## RECORDED INFORMATION
· · · · · · ·
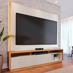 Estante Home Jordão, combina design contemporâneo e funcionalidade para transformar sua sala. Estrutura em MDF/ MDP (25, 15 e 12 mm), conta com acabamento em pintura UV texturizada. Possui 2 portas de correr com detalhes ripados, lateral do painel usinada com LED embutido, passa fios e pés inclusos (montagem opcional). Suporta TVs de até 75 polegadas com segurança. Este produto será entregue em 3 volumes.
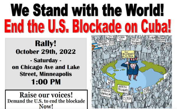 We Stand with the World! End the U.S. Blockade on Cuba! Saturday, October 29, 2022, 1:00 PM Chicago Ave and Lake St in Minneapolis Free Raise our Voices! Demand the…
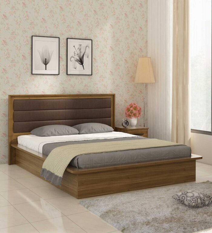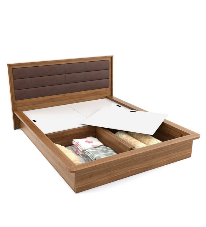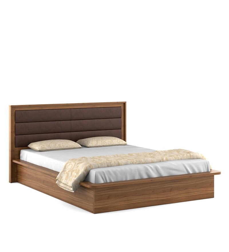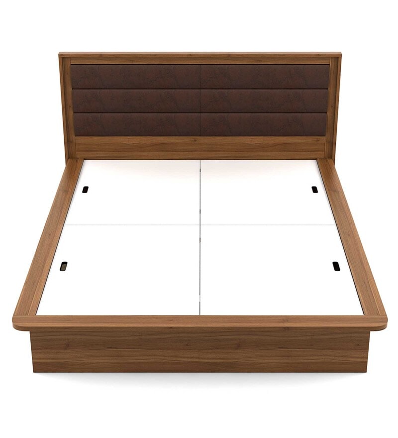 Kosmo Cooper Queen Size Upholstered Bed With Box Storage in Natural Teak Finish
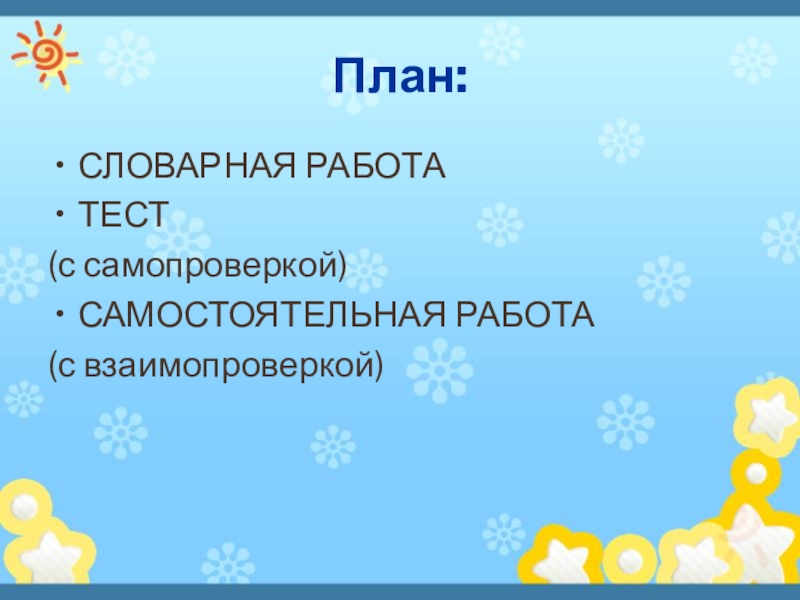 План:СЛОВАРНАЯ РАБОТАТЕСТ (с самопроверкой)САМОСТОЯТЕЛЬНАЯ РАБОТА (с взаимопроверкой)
· · · · · · ·
## WORK TO BE COMPLETED
The whole listing is to be retyped exactly, with its pictures removed.

## TASK RESULT
 Estante Home Jordão, combina design contemporâneo e funcionalidade para transformar sua sala. Estrutura em MDF/ MDP (25, 15 e 12 mm), conta com acabamento em pintura UV texturizada. Possui 2 portas de correr com detalhes ripados, lateral do painel usinada com LED embutido, passa fios e pés inclusos (montagem opcional). Suporta TVs de até 75 polegadas com segurança. Este produto será entregue em 3 volumes.
 We Stand with the World! End the U.S. Blockade on Cuba! Saturday, October 29, 2022, 1:00 PM Chicago Ave and Lake St in Minneapolis Free Raise our Voices! Demand the…
 Kosmo Cooper Queen Size Upholstered Bed With Box Storage in Natural Teak Finish
 План:СЛОВАРНАЯ РАБОТАТЕСТ (с самопроверкой)САМОСТОЯТЕЛЬНАЯ РАБОТА (с взаимопроверкой)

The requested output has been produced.